Workflow, trigger, task, and assignment automations. HELIOs’ strong data and automation capabilities help cut down time on manual tasks like repetitive documentation, searching disparate systems for critical information, or making several calls to track down specialists in a patient’s care. This allows care teams to focus on care and spend time on health education.
For example, care managers can devote more time to one-on-one interactions that help improve health literacy – gaining trust, uncovering individual barriers to health literacy, gaining insight into learning styles, assessing comprehension of materials, or following up to reinforce learning.
Automations that alert care managers to risk factors related to low health literacy. Missing steps in a post-procedure care plan or a lack of follow-through on preventive screenings may signal a member needing health literacy support. How? Well, a member may be missing the information they need to understand why these care steps are important. Properly educating members helps reaffirm provider instructions and encourages care plan adherence.

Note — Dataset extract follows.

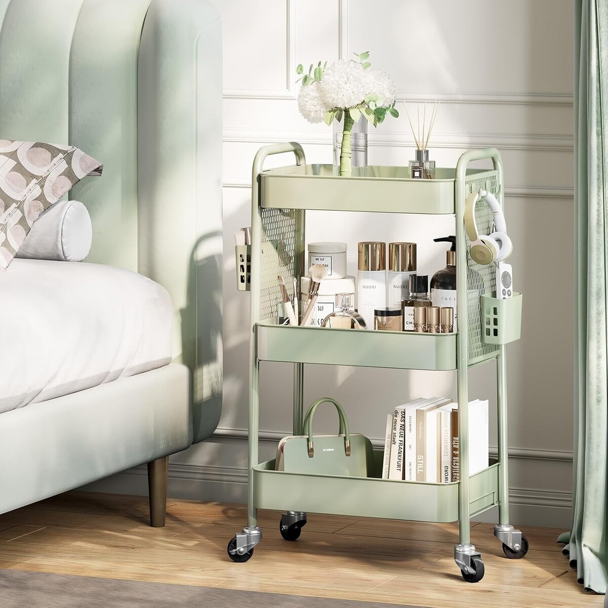 Effortlessly elevate your organization with our versatile 3-tier rolling cart, the perfect solution for effortlessly managing your household items.

Health education content accessible within HELIOS. Convenience is key to members actually using health education resources. A printed handout on medication won’t be helpful if it’s crumpled up in a pocket at the bottom of the laundry basket – but when it’s accessible via a touch on a smartphone screen, chances are, it’ll result in better adherence. Blogs, videos, infographics – HELIOS’ integrations from health education partners allow you to choose the right piece and tailor it to learning styles and health concerns.
The ability to deliver tailored health education resources. HELIOs doesn’t just integrate health education content. It makes delivering it and discussing it simple. With HELIOSvisit, files and media can be exchanged instantly. This makes it easy to send along articles or quick video tutorials then talk about them via a virtual telehealth visit.
Closed-loop system to signal utilization of health education resources. What happens after a care manager clicks “send” and health education content is delivered? Mission accomplished, right? Not unless the patient actually uses the resource. Thankfully, HELIOS closes the loop by noting when a patient interacts with content. This can help care managers plan personalized, timely follow-ups or adjust strategies moving forwards.